*Assigned task*: No pictures belong in the copy. Restate the rest of the data exactly.

*Data below*:
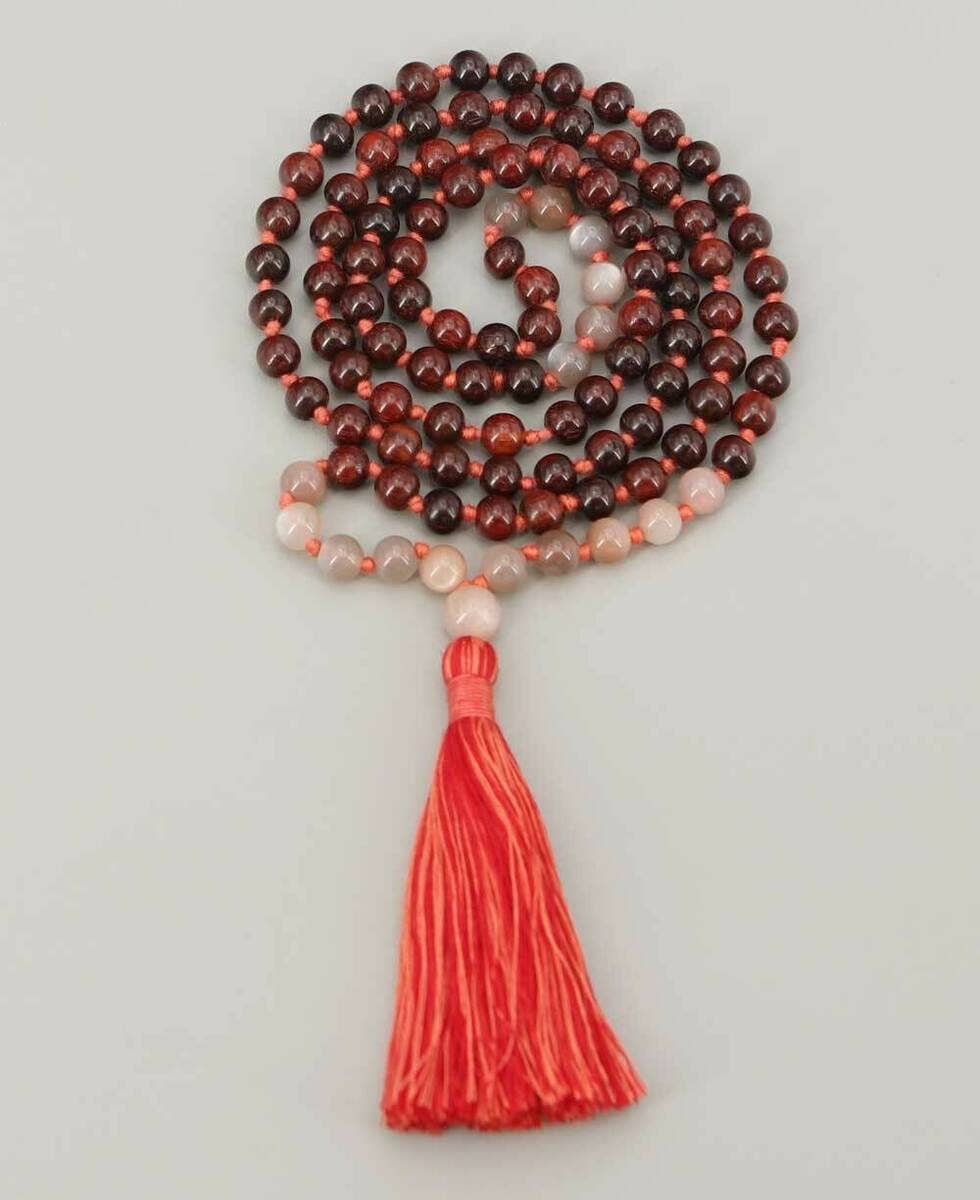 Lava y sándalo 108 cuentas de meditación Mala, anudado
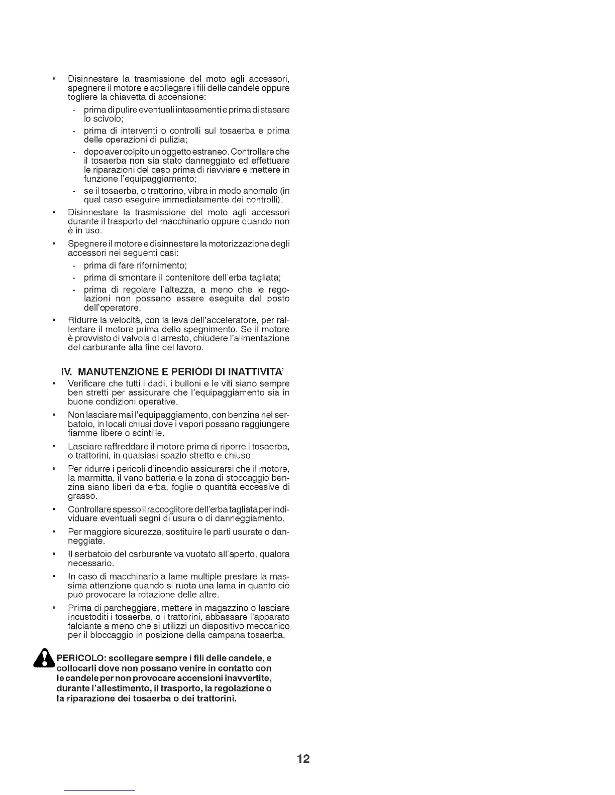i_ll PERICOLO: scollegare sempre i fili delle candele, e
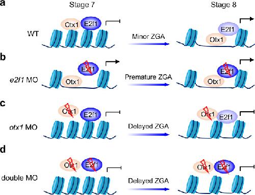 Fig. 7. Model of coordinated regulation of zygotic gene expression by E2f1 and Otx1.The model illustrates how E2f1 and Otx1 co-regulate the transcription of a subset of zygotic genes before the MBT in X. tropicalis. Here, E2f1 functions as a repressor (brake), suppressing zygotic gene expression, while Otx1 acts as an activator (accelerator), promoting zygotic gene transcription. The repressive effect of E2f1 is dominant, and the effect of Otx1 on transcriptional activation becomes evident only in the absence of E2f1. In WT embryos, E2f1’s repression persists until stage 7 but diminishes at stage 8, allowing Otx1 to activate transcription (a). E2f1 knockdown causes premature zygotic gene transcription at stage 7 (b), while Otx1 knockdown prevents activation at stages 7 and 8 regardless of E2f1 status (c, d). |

*Answer section*:
 Lava y sándalo 108 cuentas de meditación Mala, anudado
i_ll PERICOLO: scollegare sempre i fili delle candele, e
 Fig. 7. Model of coordinated regulation of zygotic gene expression by E2f1 and Otx1.The model illustrates how E2f1 and Otx1 co-regulate the transcription of a subset of zygotic genes before the MBT in X. tropicalis. Here, E2f1 functions as a repressor (brake), suppressing zygotic gene expression, while Otx1 acts as an activator (accelerator), promoting zygotic gene transcription. The repressive effect of E2f1 is dominant, and the effect of Otx1 on transcriptional activation becomes evident only in the absence of E2f1. In WT embryos, E2f1’s repression persists until stage 7 but diminishes at stage 8, allowing Otx1 to activate transcription (a). E2f1 knockdown causes premature zygotic gene transcription at stage 7 (b), while Otx1 knockdown prevents activation at stages 7 and 8 regardless of E2f1 status (c, d). |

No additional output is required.